===== EXERCISE INPUTS

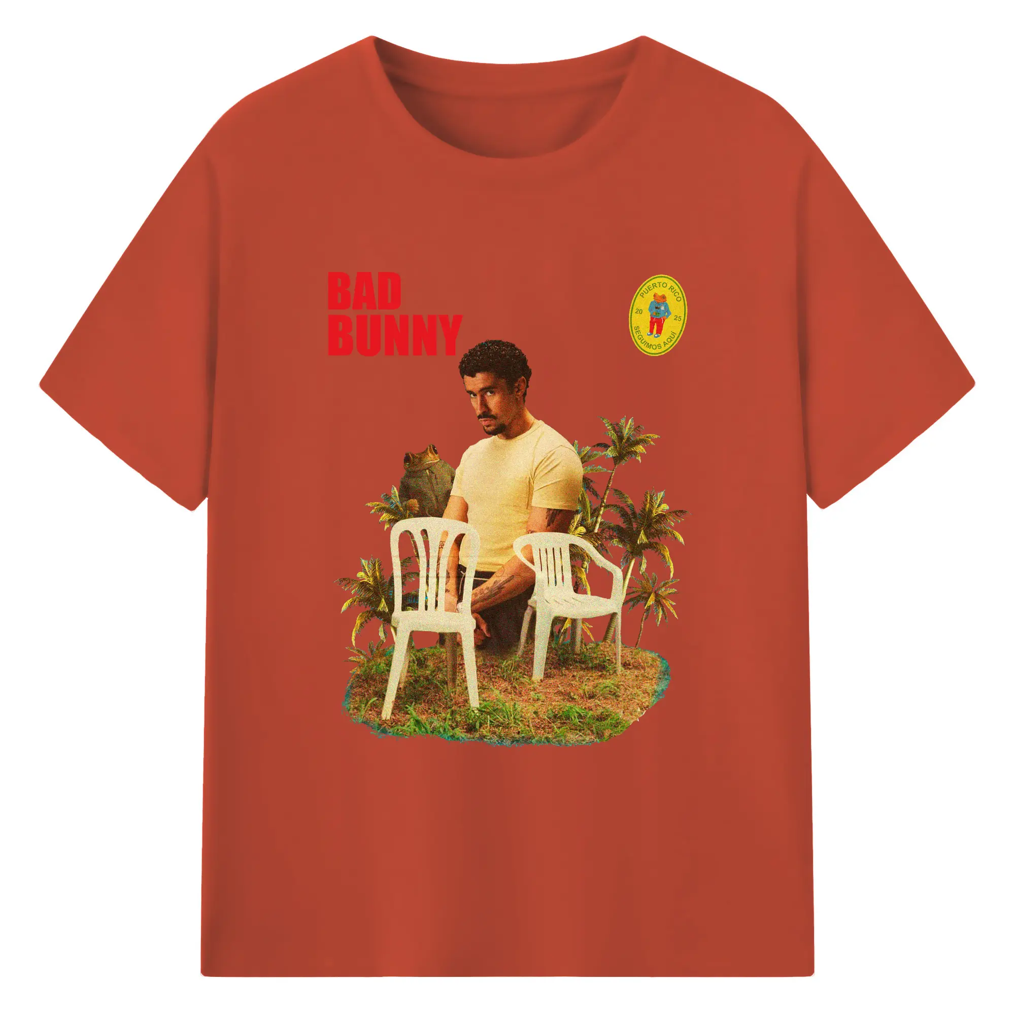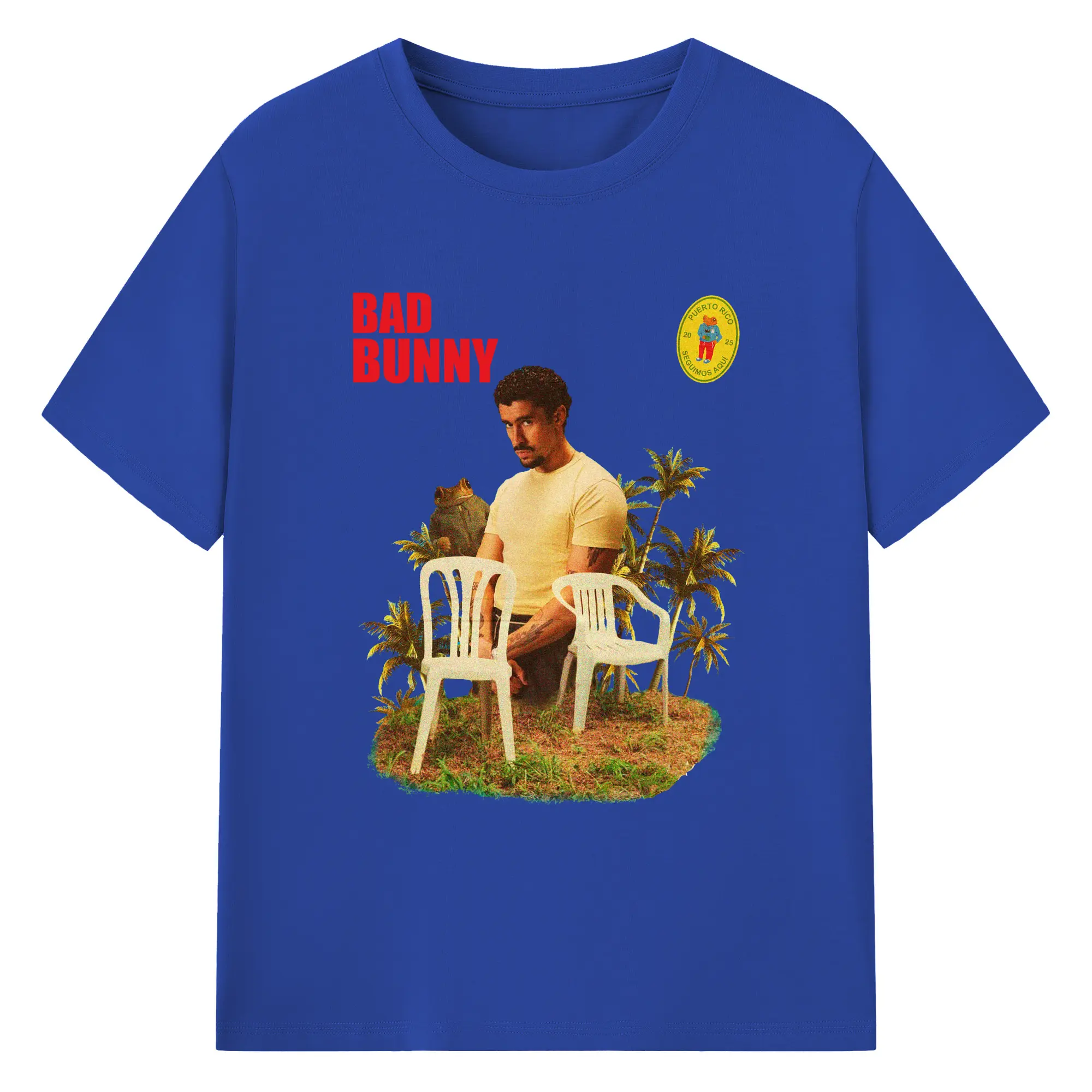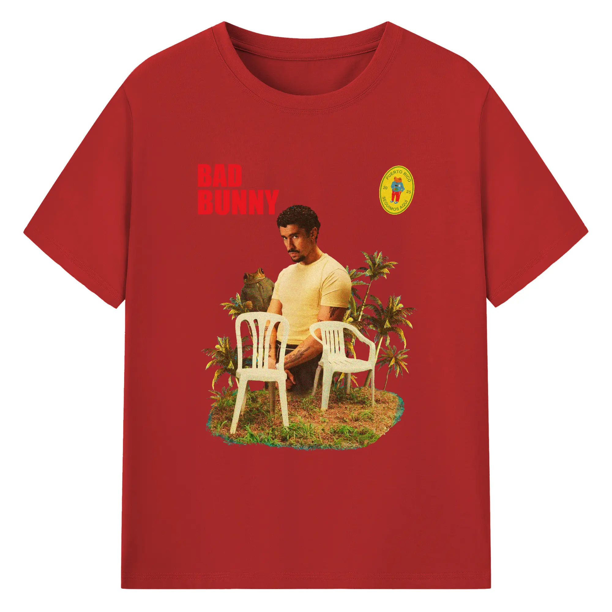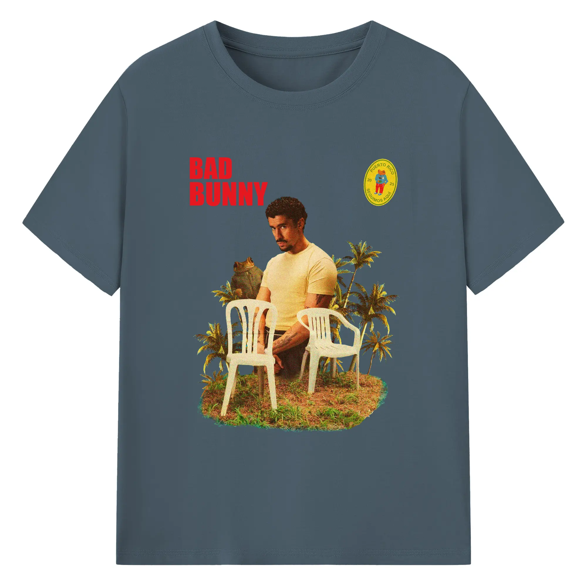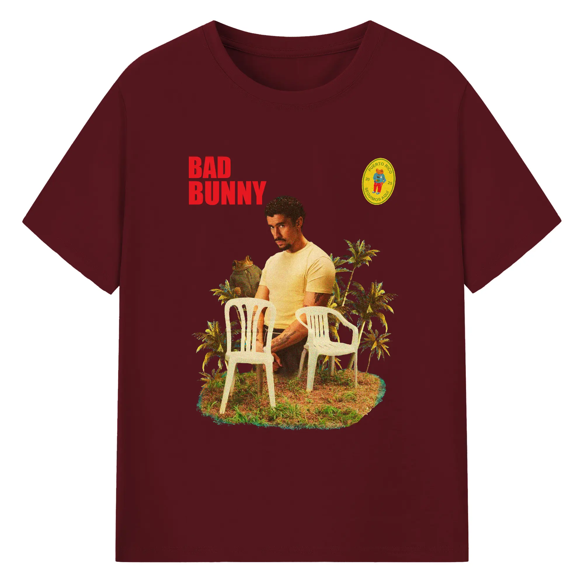 Bad Bunny Puerto Rico Retro Collage DIY - 180g Cotton T-Shirt With Front Heat Transfer Print – Soft, Lightweight, Fitted Design – Comfortable Casual Wear For Sports & Everyday Use
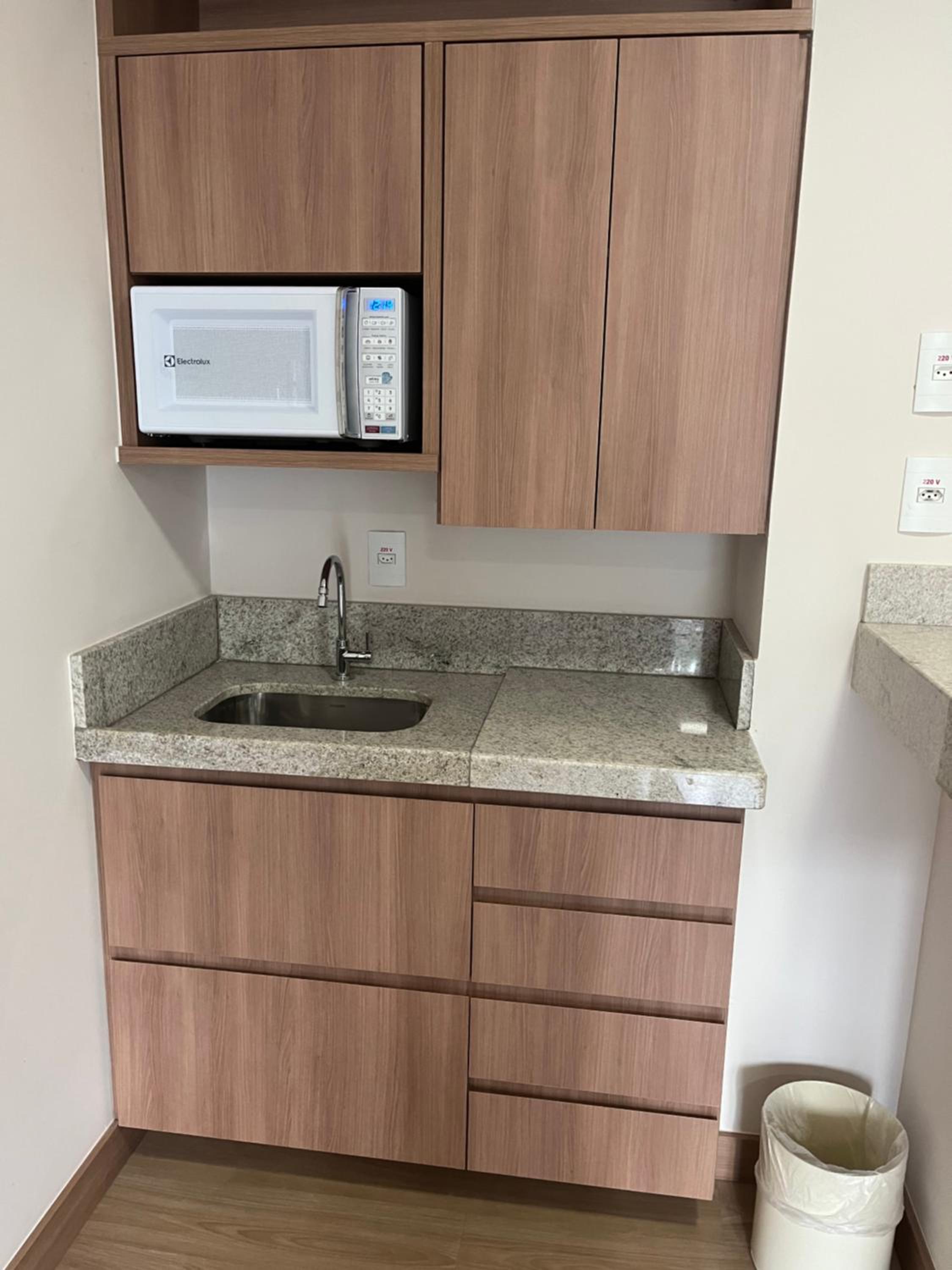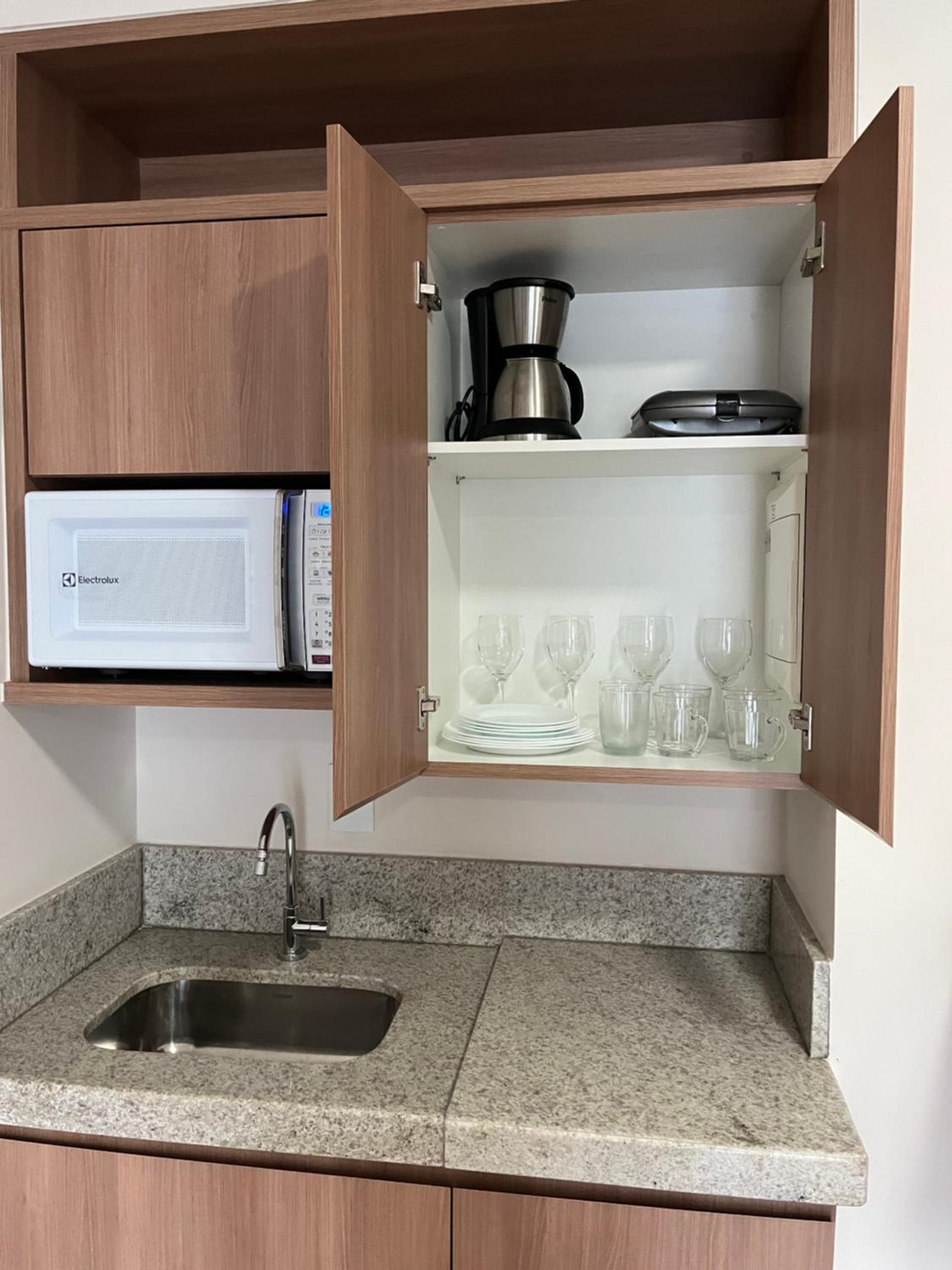 Estava tudo limpo, a cozinha é bem equipada com sanduicheira, airfryer, cafeteira e microondas.
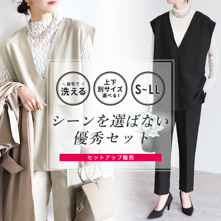 Vネックベスト×テーパードパンツ bel-hr-0617-set2 レディース セットアップ Vネックベスト ジレ パンツ シンプル 卒業式 卒園式 春 宅配便発送
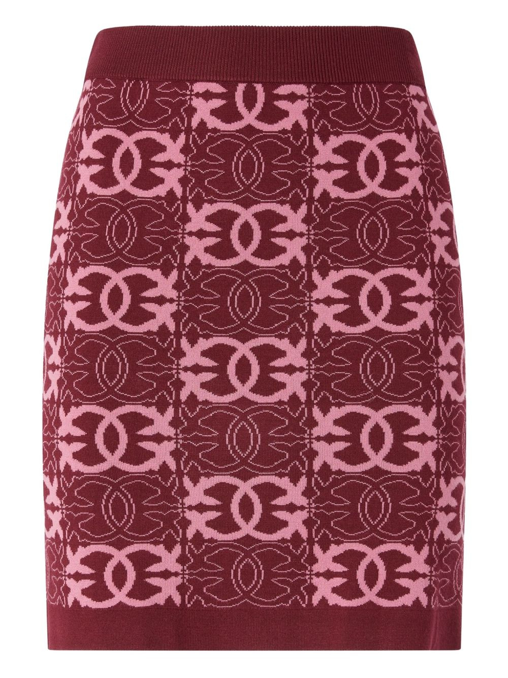 logo-pattern knit skirt Highlights - Burgundy - Geometric-logo pattern - Knit fabric - Straight hem Imported Composition Viscose 72%, Polyester 28% Washing instructions Hand Wash
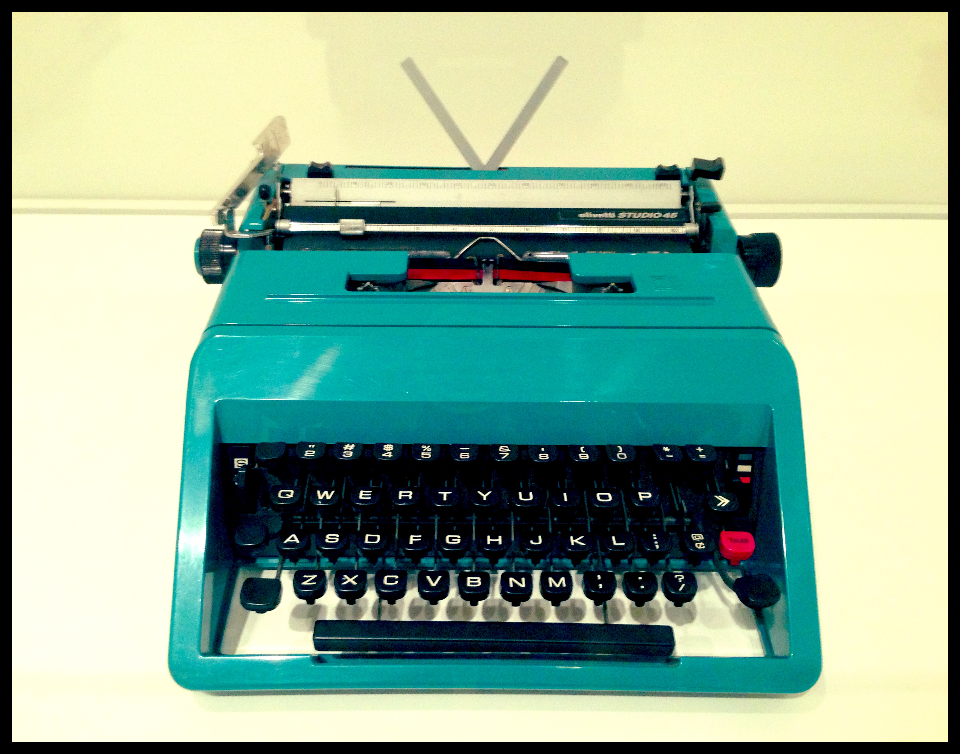 The other day, while mapping out an upcoming museum visit for the class I am teaching this summer, I found myself wandering through the design and architecture galleries at the Art Institute of Chicago. I have been thinking a lot lately about the often tenuous line that separates a designed object and a sculptural thing. The current exhibition, Sharing Space: Creative Intersections in Architecture and Design, culled from the AIC’s permanent collection, seemed like a particularly apt opportunity to further consider this liminal space, since the exhibition takes as its focus the point where two disciplines, in this case architecture and design, meet. Among the numerous schematic drawings of three-dimensional things, sculptural models, and hybrid objects was an bright teal Olivetti Studio 45 typewriter designed by Italian postwar artistic polymath Ettore Sottsass. Admittedly the color is what initially grabbed my attention, but the more I stood and looked at this object the more I was struck by its overall aesthetics: the considered selection of the font on the keys perfectly complementing the simple, clean lines of its frame; the single red key balanced by the red stripe on the ribbon; the small details, like the teal ends of the knobs, aspects that go beyond mere functionality. Sitting in its well-lit vitrine, its elements casting dramatic shadows, this object, this thing made to type words on paper, possessed some serious presence.
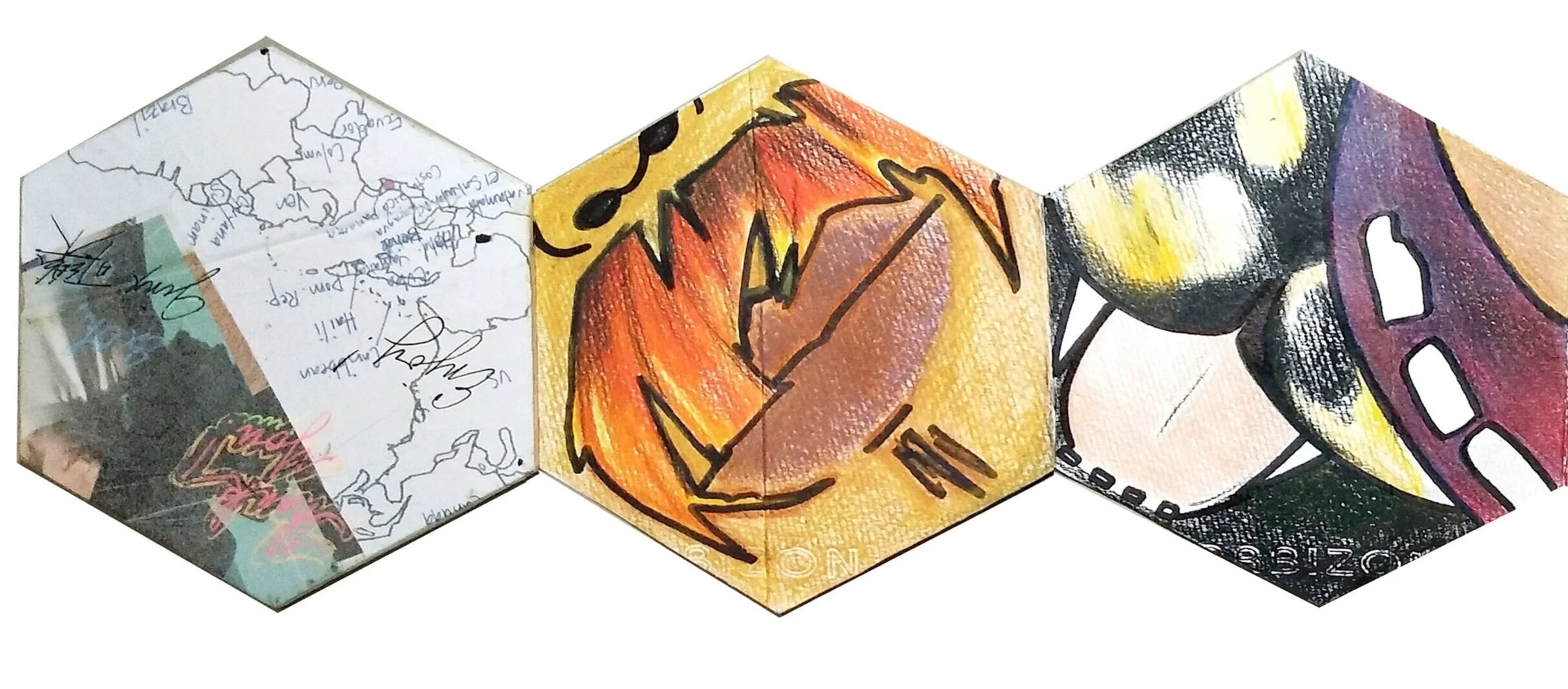 "Thank you, Enjoy", handmade accordion fold artist book, 100x14cm, colored pencil and Sharpie marker on Canson paper

==========

From the first line of the material down to the line containing "logo-pattern knit skirt", inclusive, return each line exactly, skipping any picture.

 Bad Bunny Puerto Rico Retro Collage DIY - 180g Cotton T-Shirt With Front Heat Transfer Print – Soft, Lightweight, Fitted Design – Comfortable Casual Wear For Sports & Everyday Use
 Estava tudo limpo, a cozinha é bem equipada com sanduicheira, airfryer, cafeteira e microondas.
 Vネックベスト×テーパードパンツ bel-hr-0617-set2 レディース セットアップ Vネックベスト ジレ パンツ シンプル 卒業式 卒園式 春 宅配便発送
 logo-pattern knit skirt Highlights - Burgundy - Geometric-logo pattern - Knit fabric - Straight hem Imported Composition Viscose 72%, Polyester 28% Washing instructions Hand Wash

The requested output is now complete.